Materials And Methods: A total of 127 patients with a solitary kidney who underwent SF-URL (n = 57) or MPCNL (n = 70) for large renal stones (>2 cm) between June 2015 and October 2020 were consecutively analyzed. The stone characteristics, operative times, stone-free rate (SFR), hospital stays, and incidences of complications were compared.
Results: There was a significantly shorter operative time with MPCNL than with SF-URL (43.4 ± 18.9 min vs. 61.8 ± 21.1 min, p = 0.012). SFR at 30 days were 80.7% (46/57) and 90.0% (63/70) for SF-URL and MPCNL, respectively (p > 0.05). The SFR at the 3-month follow-up was comparable in both groups (91.2% vs. 95.7%, p > 0.05).
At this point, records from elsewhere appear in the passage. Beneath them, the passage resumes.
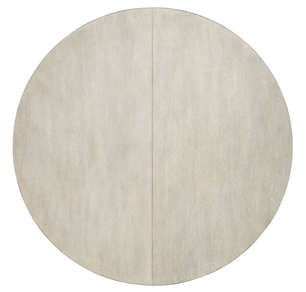 Inspired by decades of design movements with an unmistakably modern aesthetic that transcends time, the Modern Mood Round Dining Table is a statement piece with a softly sophisticated profile. Featuring metal banding accents on the base, it is crafted of Quartered Oak Veneers. With one 18-inch leaf, the table extends up to 72 inches round.
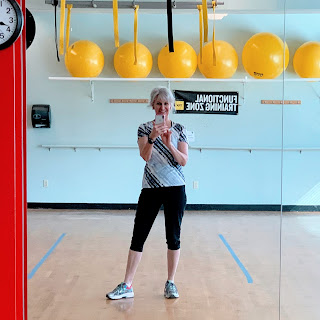 And another workout selfie.  If your Y has a large room used for groups, you might ask if they allow folks to use it when it is empty.  Mine does and I love having this large, well-equipped room with floor-to-ceiling mirrors all to myself.  The weights, tubes, mats, kettleballs and steps are off to the side and out of sight in this photo.... but it's great.
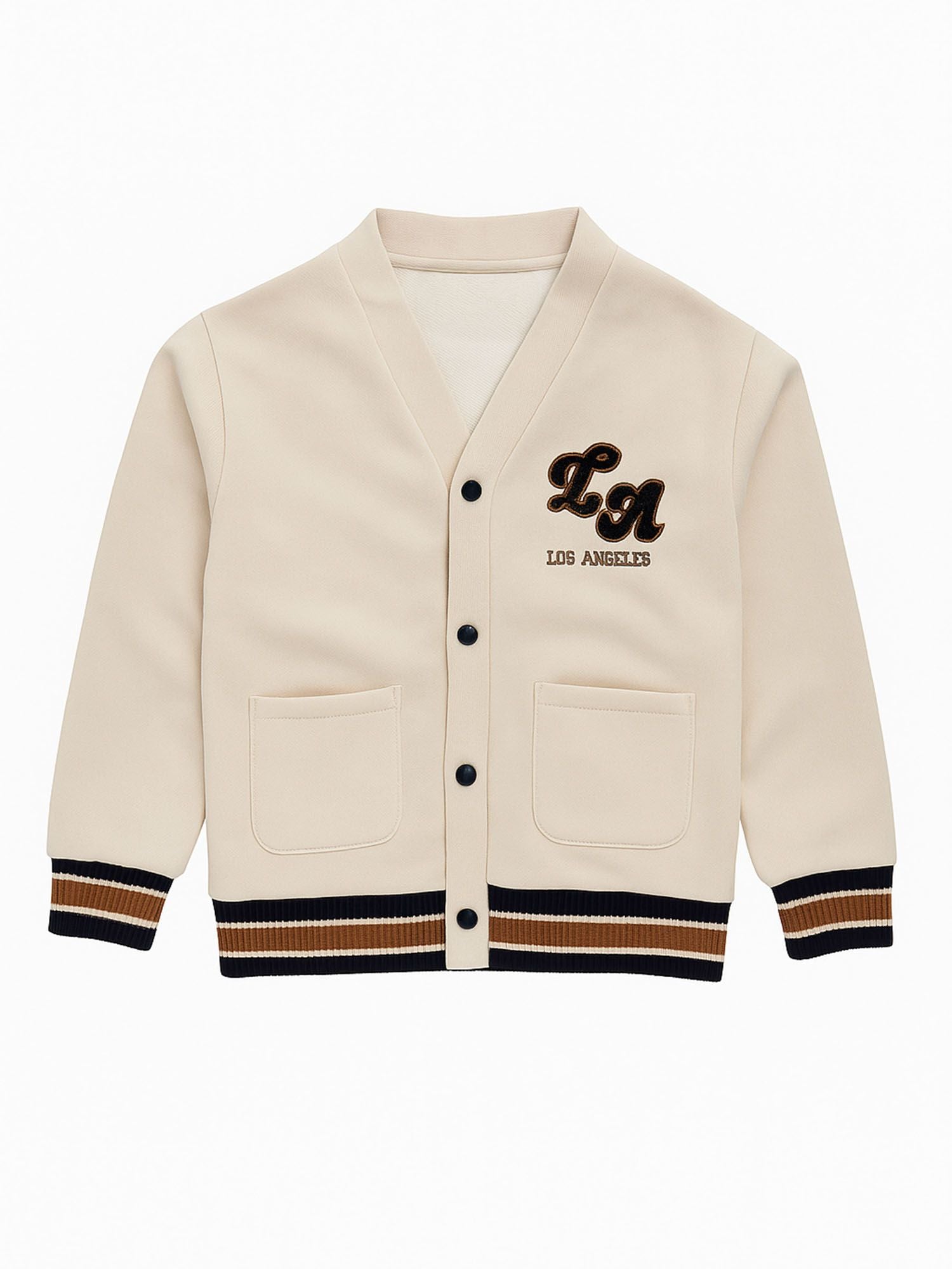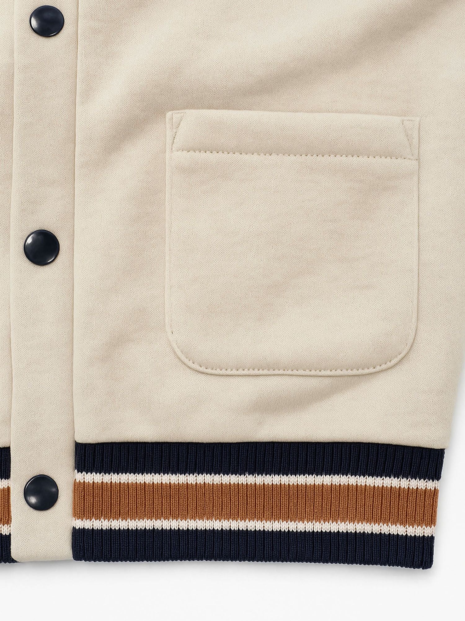 Hergestellt aus weichem, mittelschwerem Baumwollfleece, sorgt dieses cremefarbene Jungen-Sweatshirt für Wärme, sodass das Kleidungsstück an kühleren Tagen allein getragen oder unter Oberbekleidung für zusätzlichen Komfort geschichtet werden kann. Die strukturierte Passform bietet eine moderne, gepflegte Silhouette und ermöglicht gleichzeitig uneingeschränkte Bewegungsfreiheit, ideal für aktive Kinder. Das Knopfverschluss-System erleichtert das An- und Ausziehen sowie die Anpassung, während gerippte Bündchen und Saum mit kontrastfarbener Einfassung für einen sicheren Sitz sorgen und dezente optische Akzente setzen. Die auffällige Brustapplikation verleiht einen sportlichen Akzent, und zwei große aufgesetzte Fronttaschen bieten praktischen Stauraum.

The hemoglobin decline value, hospital stay, serum cystatin C, and percentage of patients requiring blood transfusions in the SF-URL group were obviously better than those in the MPCNL group: (0.8 ± 0.4) versus (3.9 ± 2.7) g/dL (p = 0.007), (3.6 ± 1.5) versus (6.9 ± 3.1) days (p = 0.013), (1.02 ± 0.48) versus (2.54 ± 0.69) mg/L (p = 0.011), and 0 (0.0%) versus 7 (10.0%) (p = 0.016), respectively. The percentages of patients with thrombosis and perirenal hematoma in the MPCNL group were higher than those in the SF-URL group, but the difference was not statistically significant (p > 0.05).
Conclusion: For the treatment of 2-3-cm renal stones in patients with a solitary kidney, both SF-URL and MPCNL are effective. MPCNL has the advantage of a shorter operation time. However, SF-URL is characterized by less bleeding, shorter hospital stay, and less damage to kidney function.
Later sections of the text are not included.